We conducted Bayesian calibration to estimate the uncertain model parameters related to immunity propagation. Calibration parameters include influenza virus transmissibility by strain (βS), multipliers for the reduced susceptibility among those who have an exposure history of infection with the same strain and other B lineages (a, b). In addition, to compare the model’s outcome with the observed influenza-related hospitalization rate, we estimated the proportion of total influenza cases that led to hospitalization (εy) by season. We set up the prior distribution of model parameters based on the mean of those parameters from another modeling study in the United Kingdom [15]. Given the difference in influenza transmission and population immunity between the 2 countries, we employed uniform distributions as a prior distribution and set the uncertainty range from 0.5 to 1.5 times the mean of the identified parameters. We describe the prior distribution of inferred parameters and the value of fixed parameters in Table 1.

Table 1.

Model Parameters

Description Notation Prior Posterior Mean [95% CI]
Inferred parameters
Transmission rates for strainS β s Uniform (0.27, 0.80)
 H1N1 0.425 [0.419–0.431]
 H3N2 0.409 [0.403–0.415]
 B/Yamagata 0.391 [0.387–0.396]
 B/Victoria 0.388 [0.383–0.392]
Modified susceptibility given natural infection with the same strain in prior season (multiplier) a Uniform (0.5, 1) 0.725 [0.706–0.743]
Modified susceptibility given natural infection with type B influenza in prior season and consequent cross-reactivity (multiplier) b Uniform (0.5, 1) 0.683 [0.581–0.789]
Hospitalization rate in season y ε y Uniform (0, 0.01)
 2012–2013 0.007 [0.006–0.008]
 2013–2014 0.005 [0.004–0.006]
 2014–2015 0.004 [0.003–0.005]
 2015–2016 0.003 [0.002–0.004]
 2016–2017 0.004 [0.004–0.005]
 2017–2018 0.007 [0.006–0.008]
 2018–2019 0.005 [0.004–0.006]
 2019–2020 0.003[0.003–0.004]
Fixed parameters Notation Value Reference
Duration latency for influenza A subtypes 1/A 1.4 d [15]
Duration latency for influenza B lineages 1/B 0.6 d [15]
Duration of infectivity 1/δ 3.8 d [15]
Proportion of vaccine effectiveness propagated to the next influenza season k 0 Assumed
Time-varying parameters
Monthly vaccine uptake rate µ Supplementary Table 1 [28]
Vaccine effectiveness in season y e Supplementary Table 2 [29]
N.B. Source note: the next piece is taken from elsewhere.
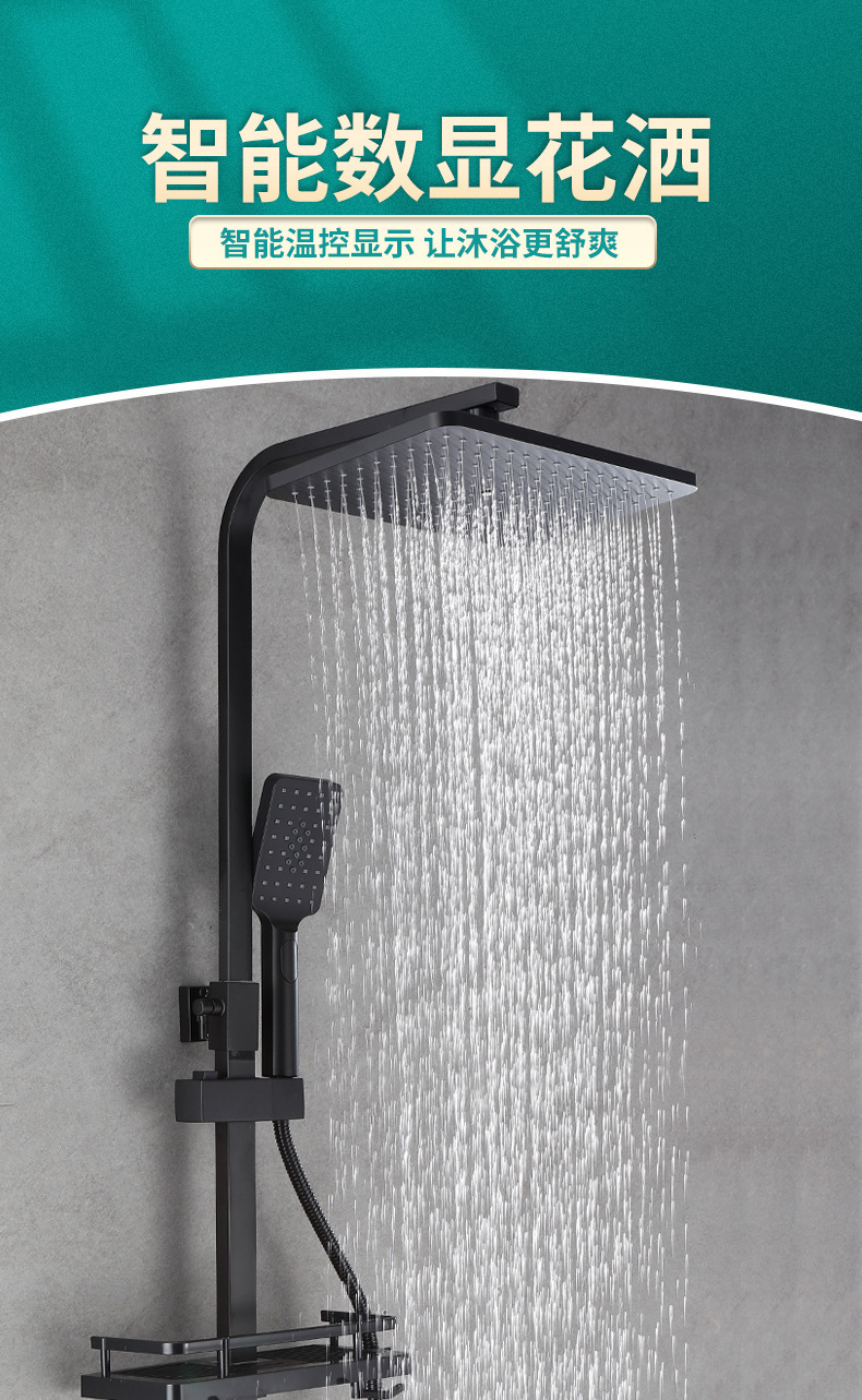 샤워 샤워 블랙 디지털 디스플레이 일정한 온도 가정용 호텔 욕실 화장실 엔지니어링 레인 샤워 노즐 세트 도매

As a calibration target, we compared the model’s outcomes to the annual rate of influenza hospitalization from 2012–2013 to 2019–2020 in the United States [4, 18, 19] after simulating a burn-in period from 2009–2010 to 2011–2012. We elaborate the details of how we calculated the annual and strain-specific rate of hospitalization from the lab surveillance and total influenza-like illness data in Supplementary Table 3.

Because it was computationally expensive to repeatedly run an SEIR model over multiple seasons, we instead implemented a meta-model for model calibration. A meta-model describes the relationship between the simulation model’s inputs (eg, transmission rates, duration of infectiveness) and outputs (eg, strain-specific rate of influenza hospitalization) [20]. Among many forms of meta-model, the artificial neural-network (ANN) meta-model works well when the output of an original model is a nonlinear function of its inputs. This method of adopting the ANN meta-model for a complex simulation model is called BayCANN [21]. We trained an ANN meta-model using independent samples of inputs and corresponding outputs from the SEIR model and validated the trained ANN meta-model with the test data set. In Supplementary Appendix 2, we describe the methods and results of training and validating the ANN in detail. We then implemented the ANN framework within Stan, which is a probabilistic language that performs Hamiltonian Monte-Carlo Markov chains [22]. We evaluated the likelihood of the observed target data given a sampled input parameter to identify distribution of input parameters that can produce model outcomes close to the target. Details of implementing BayCANN with Bayesian calibration using Stan are demonstrated in Supplementary Appendix 3.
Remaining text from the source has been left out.